This thread has been locked.

If you have a related question, please click the "Ask a related question" button in the top right corner. The newly created question will be automatically linked to this question.

FileRead->Encode->FileWrite Usecase

Hi,

I create a fileread->encode->filewrite usecase, I use the following steps to feed yuv data to encode input.

0. VdecVdis_ipcFramesFillBufInfo()

1. read yuv data from input file 

2. Vdis_putFullVideoFrames()

3. Vdis_getEmptyVideoFrames()

4. VdecVdis_ipcFramesFreeFrameBuf()

I use the following steps to get h264 data from encode output.

0. Venc_getBitstreamBuffer()

1. write h264 data to file

2. Venc_releaseBitstreamBuffer()

Now the program could run successfully.
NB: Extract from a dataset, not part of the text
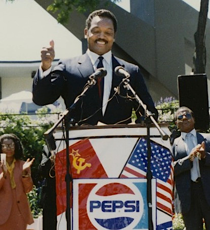 Jesse Jackson making a speech at the Goodwill Games, Seattle, Washington, U.S., 1990. Trying to sort out (via Facebook contacts) who else is in this photo. Seattle historian Rob Ketcherside says "Man on the right may be Bob Walsh... the girls on the right are the 'Soviet and Seattle Youth Choir Exchange, featuring the Schedrik Choir (Soviet) and the Seattle Girls' Choir and Northwest Choir'". Someone also passed along from a third party I don't know, "Jasmine Jackson, Alaina Caldwell and Eula Scott" but didn't identify which they are. - Jmabel ! talk 20:01, 1 June 2016 (UTC) Photos on Bob Walsh's web site confirm that identification.

But once I feed one frame per channel to encode input I will get newdata available callback twice and if the encode channel number are more than 2, the channel index larger than 1 will have each frames twice. The following figure will show the situation.

I don't know why this happens, could someone give me some advise?

  • Attach the usecase file where you are creating and connecting links and the application file which is calling steps 0 - 4 you have mentioned above

  • Hi Badri,

    Thanks for your reply! I attach the files in the end. I refer to the file demo_vdec_vdis_frames_send.c to feed yuv data to encode. I don't quite understand the following codes in VdecVdis_ipcFramesFillBufInfo() function.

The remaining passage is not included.